Projection points test image
Then I get the rotation matrix using the cv2.Rodrigues
method. And then I multiply it by vector Translation to get the position of the camera. In my scene the camera has a position (XYZ): [-146.505,-156.897,127.539]
, and the "found" camera position is [-121.82952111, -131.33087704, 110.92139656]
. And this is quite far from the truth.
I use :
3dsmax 2021
Python 3.7.6
numpy 1.21.6
opencv-python 4.4.0.42
My code :
import cv2
import numpy as np
from math import pi,atan2,asin
img = cv2.imread("C:\\Users\\Inu\\Desktop\\BoxRender.jpg")
h, w = img.shape[:2]
imagePoints2D = [
(495, 341),
(636, 390),
(503, 442),
(363, 382),
(375, 604),
(502, 681),
(624, 614)
]
modelPoints3D = [
(12.0976,11.2015,47.5239),
(12.0976,-26.0509,47.5239),
(-21.178,-26.0509,47.5239),
(-21.178,11.2015,47.5239),
(-21.178,11.2015,0),
(-21.178,-26.0509,0),
(12.0976,-26.0509,0)
]
imagePoints2D = np.array(imagePoints2D, dtype="double")

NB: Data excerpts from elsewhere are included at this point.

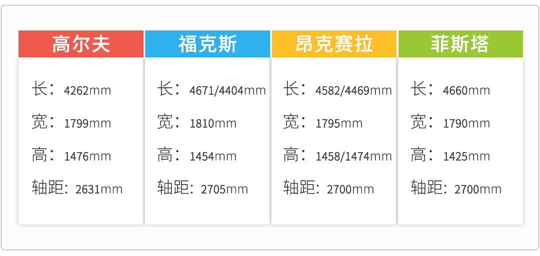 从尺寸对比中能够看出,高尔夫作为一款两厢车型,参数上并不占优势;而福克斯由于换代后的车身尺寸达到了A+级别水准;菲斯塔作为一款对飚思域的产品,除了运动定位外,车身尺寸和空间表现也与思域十分的接近。不过这些肉眼可见的参数并不能完全代表车辆的空间水准,例如昂克赛拉。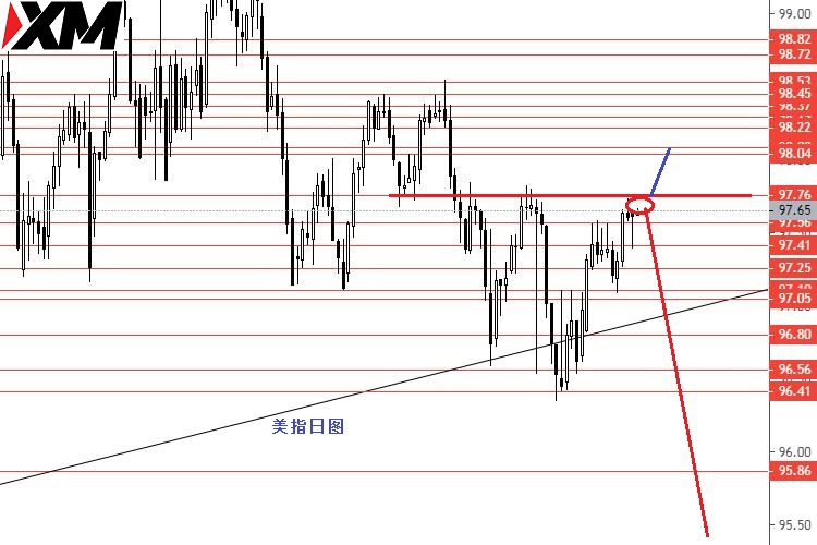 美指本周高位震荡,从图形来看,今日关注97.75-97.40区间行情,若成功上破,再关注上方98.10区域强阻力,月线收盘前,98.10是美指上行的极限区域,到位后承压的概率较大。若今日97.75再次承压下行,并下破97.40后,中线继续看跌,短线顶部也将出现。97.75不破中线看跌思路不变,保守者可等待成功跌破97.40后再进场做空,激进者操作建议:97.70区域做空,止损98.00,目标先看向97.40和97.25,成功下破后再看向更低。控制好总止损金额,严格止损。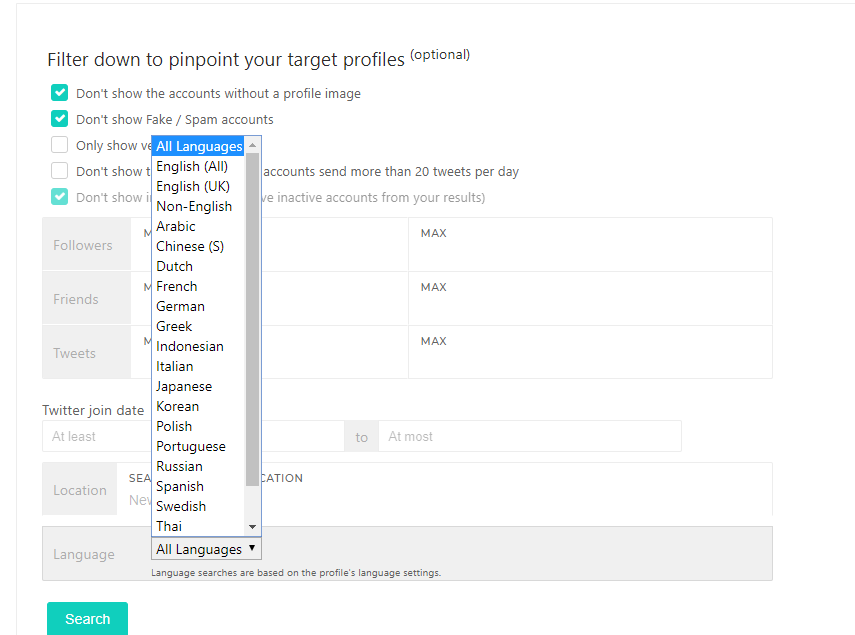 - Follower numbers: Enter the min-max follower numbers of the Twitter accounts you’re looking for.

modelPoints3D = np.array(modelPoints3D, dtype="double")
distCoeffs = np.zeros((4,1))
focal_length = w
center = (w/2., h/2.)
cameraMatrix = np.array(
[[focal_length, 0, (w)/2],
[0, focal_length, (h)/2],
[0, 0, 1]], dtype = "double"
)
#solvePnP
success, vectorRotation, vectorTranslation = cv2.solvePnP(modelPoints3D, imagePoints2D, cameraMatrix, distCoeffs, flags=cv2.SOLVEPNP_ITERATIVE)

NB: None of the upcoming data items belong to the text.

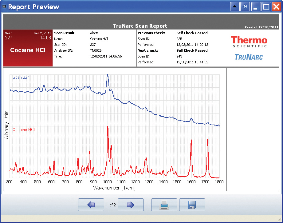 TruNarc lagrar alla skannings resultat inkluderat tid och datum,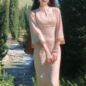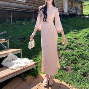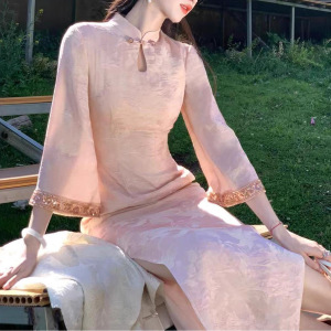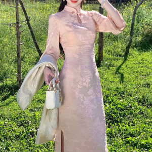 2025年【甜月香】新中式珠光提花改良旗袍早秋旗袍领镂空连衣裙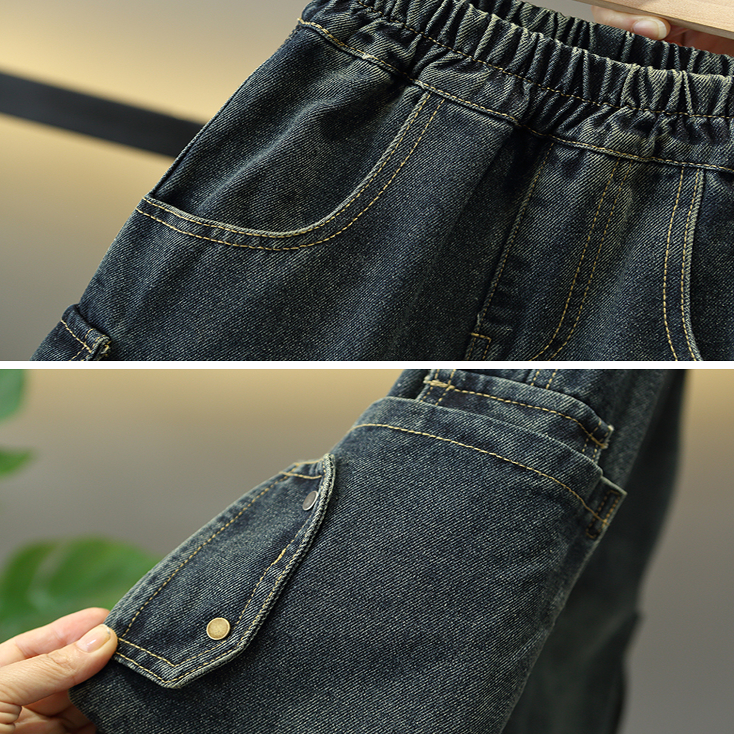 男童春秋装裤子2025新款儿童秋季时髦工装裤宝宝韩版洋气牛仔裤潮

#Test the solvePnP by projecting the 3D Points to camera
projPoints = cv2.projectPoints(modelPoints3D, vectorRotation, vectorTranslation, cameraMatrix, distCoeffs)[0]
imagePoints2D = np.int32(imagePoints2D).reshape(-1,2)
projPoints = np.int32(projPoints).reshape(-1,2)
for p in imagePoints2D:
cv2.circle(img, ((p[0]), (p[1])), 3, (0,0,255), -1)
for p in projPoints:
cv2.circle(img, ((p[0]), (p[1])), 3, (0,255,0), -1)
rotationMatrix = cv2.Rodrigues(vectorRotation)[0]
cameraPos = -np.matrix(rotationMatrix).T @ np.matrix(vectorTranslation)
print("CameraPos :" + str(cameraPos))
#~ Create projection matrix :
projectionMatrix = cameraMatrix.dot(np.hstack((rotationMatrix, vectorTranslation)))
#~ Get the Euler angles:
angles = cv2.decomposeProjectionMatrix(projectionMatrix)[-1]
print("projectionMatrix :" + str(projectionMatrix))
print("Angles :" + str(angles))
#Errors calculating
error = cv2.norm(imagePoints2D,projPoints,cv2.NORM_L2)/len(projPoints)
print("Reprojection error:", error)
cv2.imshow("Final",img)
cv2.waitKey(0)
cv2.destroyAllWindows()
Console Output :
CameraPos :[[-121.82952111]
[-131.33087704]
[ 110.92139656]]
projectionMatrix :[[ 1.03210519e+03 -3.65562292e+02 -2.26104142e+02 1.02811052e+05]
[-4.38527617e+00 -4.75481465e+00 -1.11801528e+03 1.22853106e+05]
[ 6.14326068e-01 6.46494899e-01 -4.52380180e-01 2.09926434e+02]]
Angles :[[124.9821305]
[-37.9029675]
[-23.2559097]]
Reprojection error: 0.7824607964359516
Can someone help me? I can't figure out where I'm going wrong.
I tried different solutions in the documentation as well as on other sites (e.g. here). I also double-checked the input values (positions of corners in 3d and 2d)
Update 21.03.2021 :
So, I've moved on a little bit. The method cv2.solvePnP
works correctly, the problem is in finding the right values, in my case it is in finding the focal length. Since I do the test in 3dsmax and I know the camera parameters (FOV
was enough for me here), I can calculate the focal length of the width and height using the formula : focalLengthWidth = ImageWidth / (2 * tan(FOV/2))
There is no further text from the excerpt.